Why I like to negatively split events
Two things I've learned from competing in masters meets are:
1) I'm a negative splitter.
2) The vast majority of my opponents aren't.
I'm posting this in the Racing section (rather than the Pool Racing section) because the basic principles apply to both open water and pool racing. So I should explain what's meant by "negatively splitting" events, since some open water swimmers may not be familiar with the term.
Except for low-tech high school and summer swim league dual meets (where the only issue is who wins and who loses), most meets nowadays use electronic timing systems which employ touch pads that are mounted on the pool wall below the starting blocks. At the start of each heat, the timing system issues a starting tone and begins timing, and then it computes each swimmer's time (and determines their placing) based on when they make contact with the touch pad at the end of the race.
Not only does this allow events to be precisely timed to hundredths of seconds - it also counts the number of laps each swimmer swims (since they make contact with the pad every time they complete 2 lengths), thereby insuring that they have swum the correct distance. A couple of years ago, I was at a masters meet where a man who had just taken a set of TI freestyle lessons from me was swimming 500y freestyle. He was so astonished by how low his time was that he at first thought his wife must have miscounted the number of lengths he had swum (swimmers in longer distance pool events normally utilize helpers who kneel at the side of the pool opposite the starting blocks and hold plastic signs in their field of view indicating the number of the length they are completing - 1, 3, 5, 7, and so on).

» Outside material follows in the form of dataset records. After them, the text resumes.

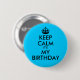 Bóton Redondo 5.08cm Aqua Blue Mantenha Calmo É o meu aniversário
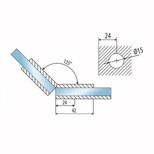 Conector Vidrio- Vidrio 135 grados Color negro. Bronce alta calidad.
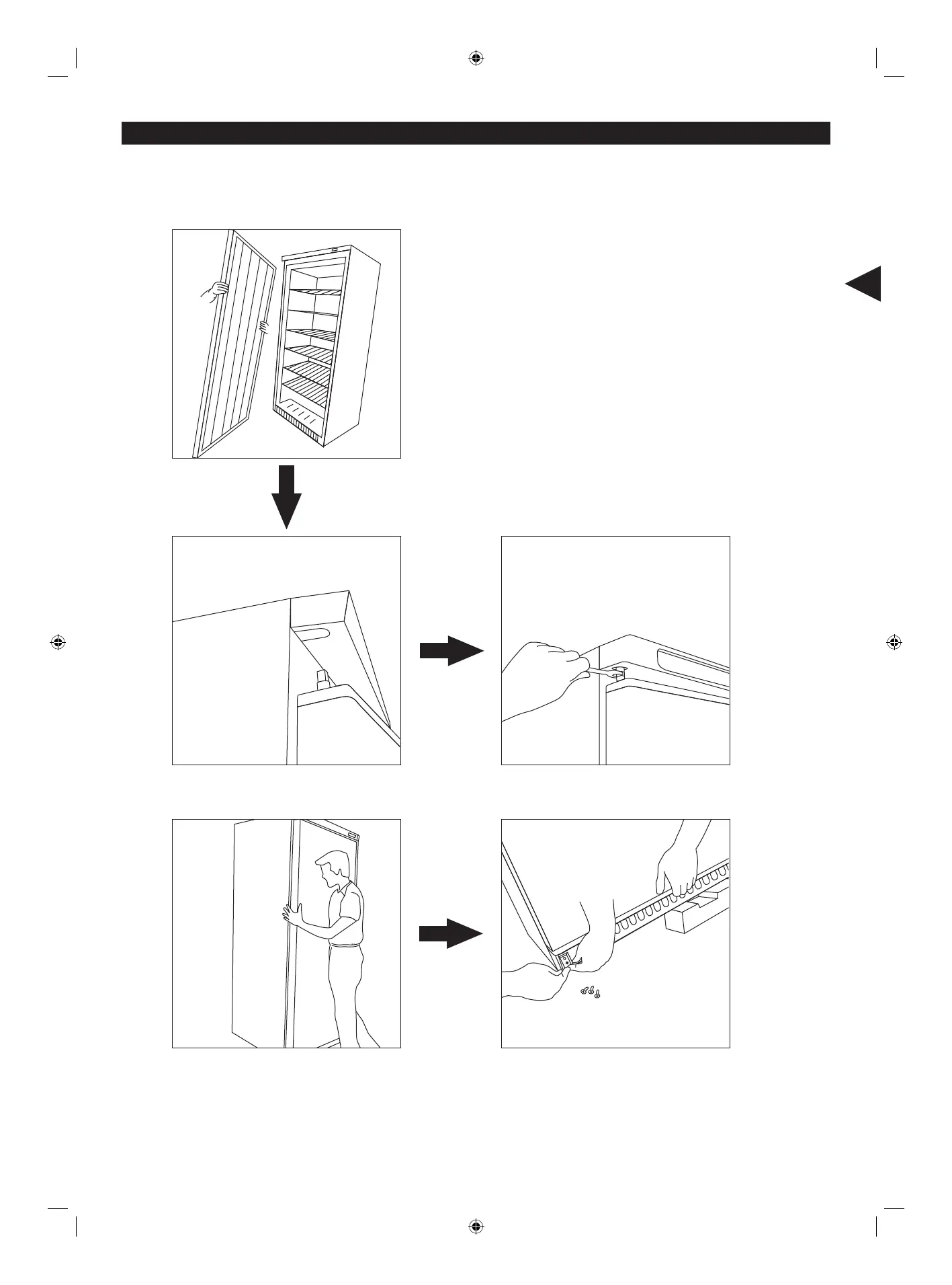 11. Turn the door up side down and connect to the upper hinge.
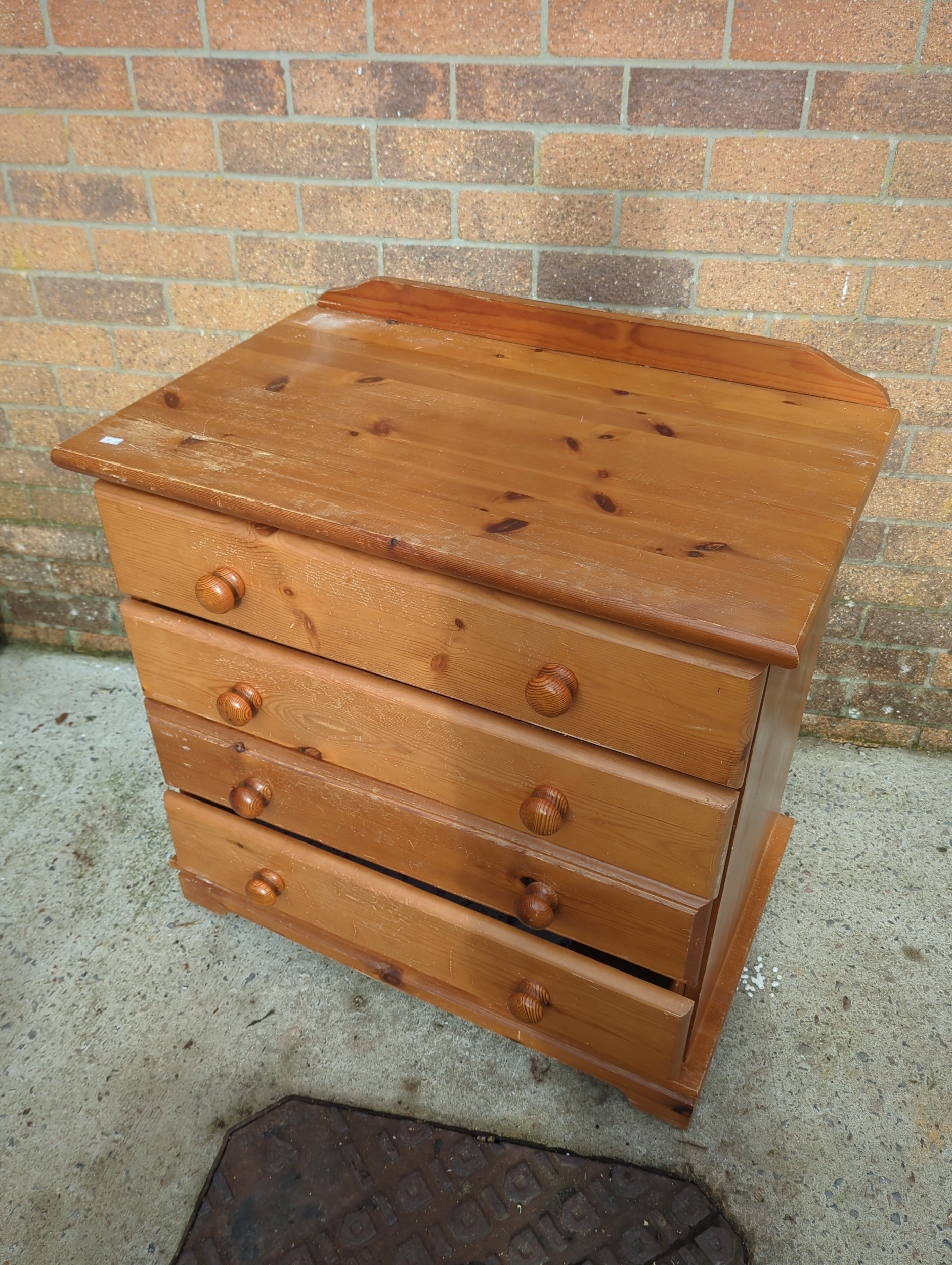 This is a pine chest of drawers featuring four spacious drawers, each with round wooden knobs. The design is simple and functional, ideal for bedroom or storage use. The wood displays a warm finish with visible grain patterns typical of pine.

But I pointed out that if he hadn't swum the full distance, the electronic timing system wouldn't have stopped the clock.
But the touch pads also allow the timing system to provide additional information that, while it is not a part of the race results, can help swimmers determine how they paced their heats. Every time a swimmer completes 2 lengths, they make contact with the touch pad, and it records the time for that portion of the heat. So not only does the timing system keep track of a swimmer's total time for a heat - it also keeps track of how that time was split among the different segments of the heat (50y in a 25y pool, 50m in a 25m pool, or 100m in a 50m pool).

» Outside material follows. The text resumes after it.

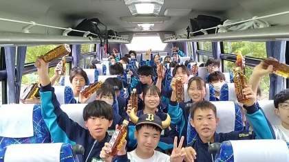 各クラスでの退館式。2日目もお茶を配布してバス移動です。
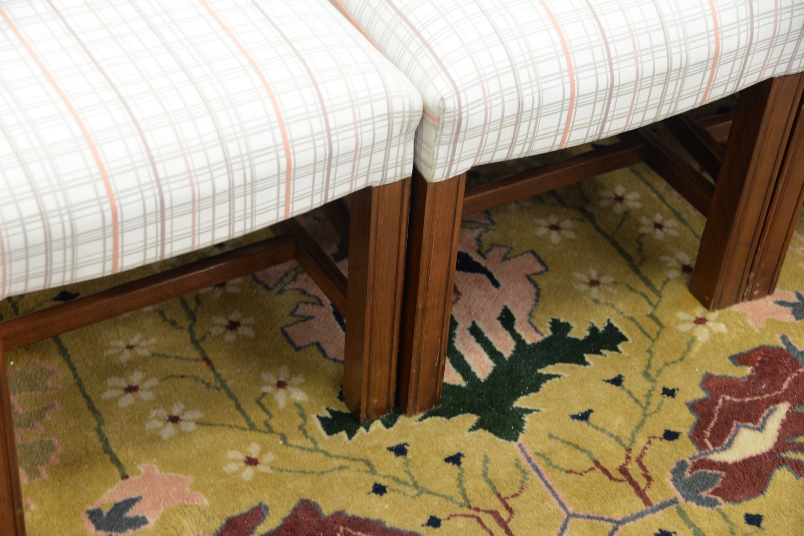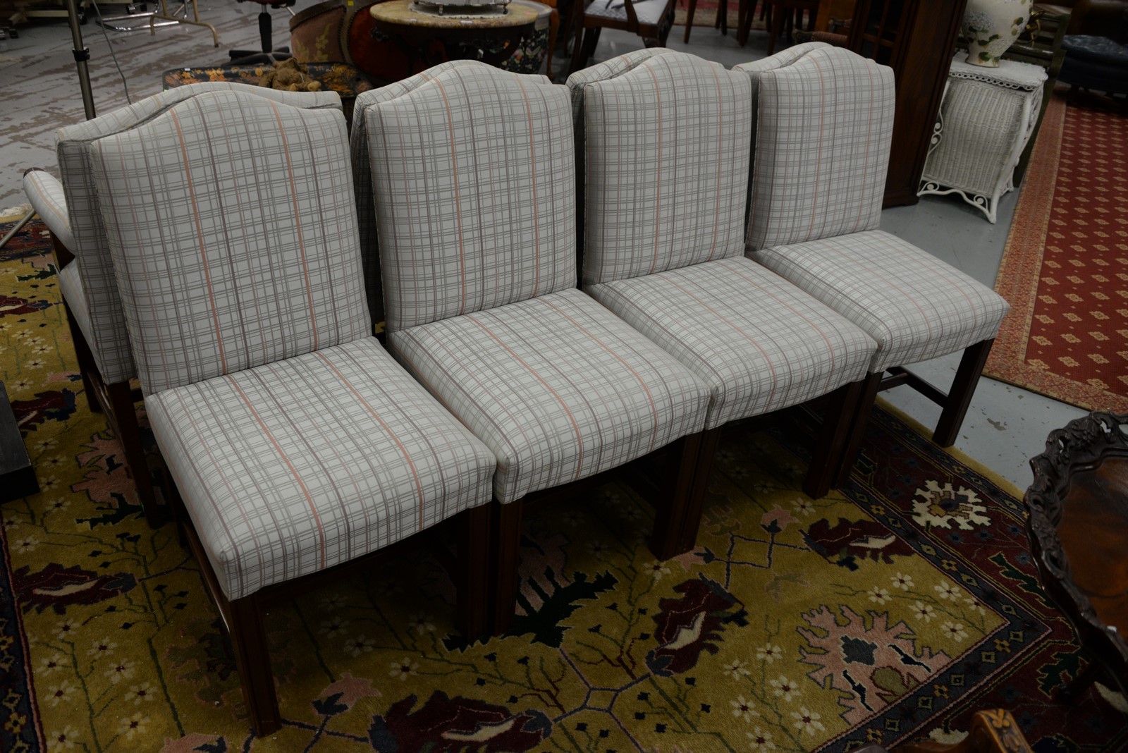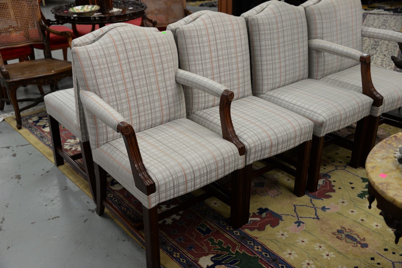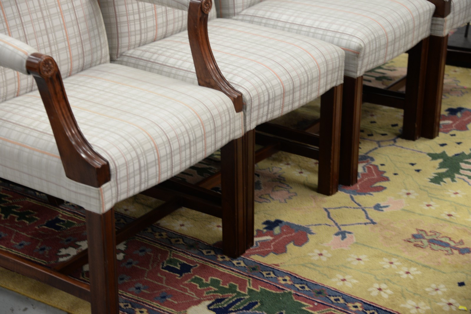 Set of eight contemporary Chippendale style chairs, two arms and six sides.

Most of my competitors positively split their heats, meaning that their first split is the fastest, but then the time increases for each successive split as they tire and swim slower and slower. But a swimmer who negatively splits a heat swims each successive split a little faster than they swam the preceding one.

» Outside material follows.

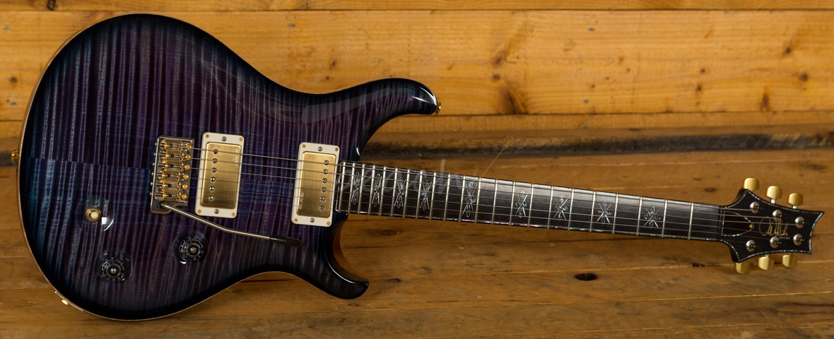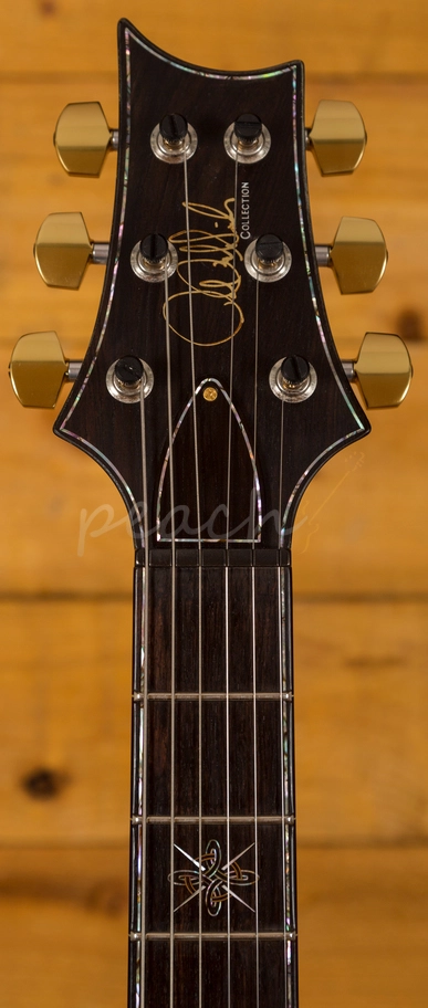 The Curly Maple neck features the PRS Pattern neck-carve. The African Blackwood fingerboard is immaculate and of course no PRS neck would be complete without some stunning inlays, 14 Karat Gold and Mother of Pearl hollow Celtic knots offer the most premium touch. Sitting proudly atop the headstock is a hand written PRS signature and Collection inlay with green select abalone purfling.
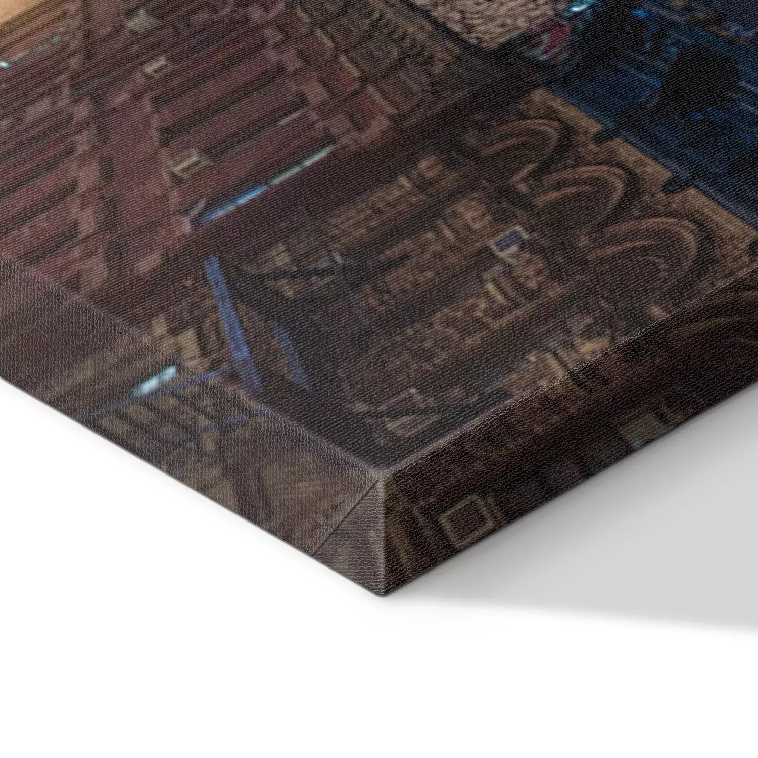 De print wordt aangebracht op hoogwaardig canvas dat op een schildersweefgetouw (spieraam) wordt gespannen. Omdat de print de zijranden bedekt, hoeft het ontwerp niet met een extra kader te worden omlijst. Wij raden ook composities aan die uit meerdere foto's bestaan en zo een coherente compositie vormen.

Negatively splitting a heat can make it more exciting to watch, since a negative splitter may be trailing during the first part of the heat, only to come from behind and win in the end. But there's a much more important benefit!
Positive splitting is caused by going all out early in a heat and then slowing down more and more as you grow increasingly tired. The trouble with this is that when we grow tired, our bodies instinctively try to transfer the load to different muscles than the ones we normally use. And in swimming, that invariably means allowing your stroke technique to become sloppy and less efficient.
The alternative is negative splitting. Instead of going all out in the first part of your heat and then dropping back when you become tired, hold back in the first part of your heat and gradually pick up your pace as it proceeds. Because you're holding back in the first part of your heat, before your muscles get tired, you can focus on swimming with perfect precision and efficiency: perfect balance, excellent streamlining, clean entries, flawless catches, driving your stroke with your whole body instead of just your arms. Then, as you pick up the pace, you can focus on maintaining that same precision and efficiency. If your muscles eventually feel tired and spent, it will be at the end, when you have no farther to swim.
In late July of 2009, Paul Biedermann of Germany set new world records for long course in both 200m and 400m freestyle, and it's interesting that Biedermann's average 200m pace in the 400m freestyle was 8 seconds slower than his 200m freestyle time. So not even world champions like Biedermann can go all out for the entire length of a distance event! The question is whether you want to be swimming at less than your maximum pace early in an event, when your muscles are still fresh and you can swim with precision and efficiency, or late in an event, when tiredness will make you sloppy and inefficient.